There are multiple times of alerts emited and you can set filters for which one you want to be notified by email.
Monit as root while our applications deploy user is not root.
This was actualy my problem with using this setup fr deploying my java apps.During deploys I don’t want to be notified that the process is down, and I don’t want the monitoring to try to start it, since it might be in an inconsistent state. Basically I needed a way to tell the monitoring process to unmonitor while the new version for the service is deploying, but after I finish the deploy, I want to start monitoring the new instance.
Since I installed and ran monit out of the box, it runs under root priviledges and we cannot issue commands like:
sudo monit stop buyit sudo monit start buyit
unless we’d give the deploy user sudo rights, which was not something I wanted to do. There is also an option to build and run monit under a separate user than root, but I rather want the simpler “out of the box” setup and did not investigate this further.
Initially I found others with the same problem here. Bassicaly the proposed solution was to have a set of files named ‘stop-proces1’, ‘start-process1’ which would be created by a normal user and we’d use monit itself to watch for these files and invoke the ‘monit start proces1; rm start_proces1’. It was an ok solution, but I was not 100% fond of this because:
- I had to ‘polute’ my monitoring with the 2 extra service config for file watches for each service which was pretty tedious and prone to errors from copy&paste.
- Monitoring was also showing in it’s /var/log/monit file each time it ran and did not find any of the above files which was 99% of the time.
- I needed to wait for monit to run it’s cycle of 2 min before it figured out I created the ‘star_proces1’ file and start the service.

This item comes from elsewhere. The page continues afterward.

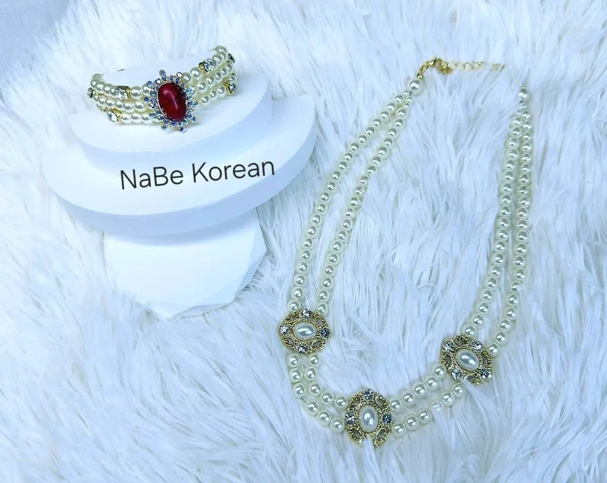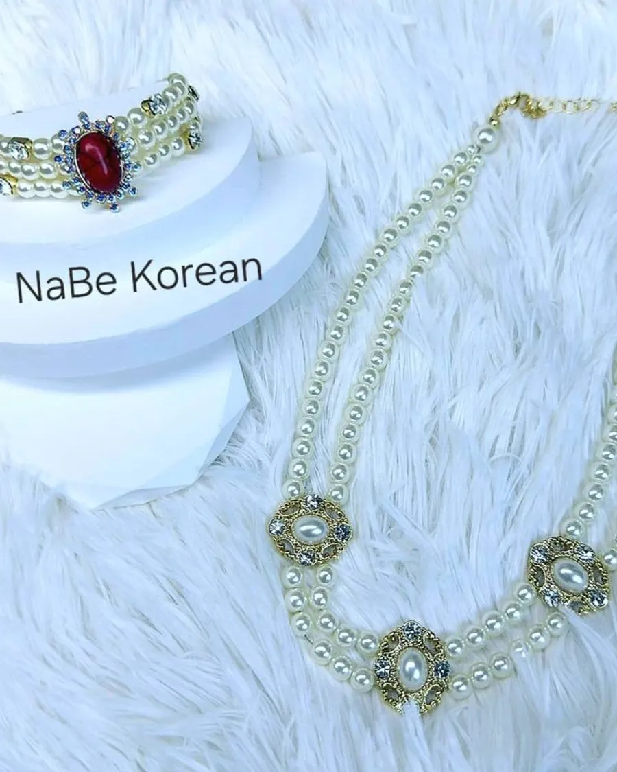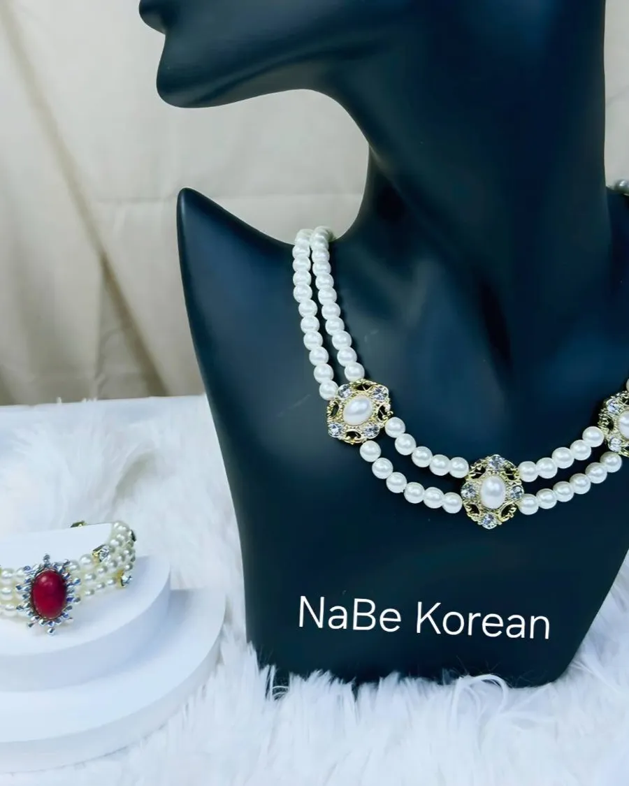 NaBe Korean-復古珍珠寶石項鍊/手鍊

This was making the total time of deploy quite high, and obtaining feedback that there was a problem with the build.
- I suspect it was a bug(since the ‘apt-get’ version is not one of the latest), but it sometimes did not seem to react on these file creations.
My Solution - use curl with the embedded web server
- Use the local provided web server and curl to start/stop the services.
In the Monit config file you can uncomment and start a small web server which by default is available only for local connections, through which you see the status and can stop/start monitored services.
set httpd port 2812 and use address localhost # only accept connection from localhost allow localhost # allow localhost to connect to the server and
The url for the http commands for starting and stoping are pretty straight forward, and we can easily create a curl command that mimics them like this:
curl http://localhost:2812/buyit -d "action=start" curl http://localhost:2812/buyit -d "action=stop"
Since the webserver accepts only local connections and I already connect through ssh to the machine there is no security problem and we don’t have any issues with this approach.
Hope I gave you an ideea to use in your projects and make your life easier.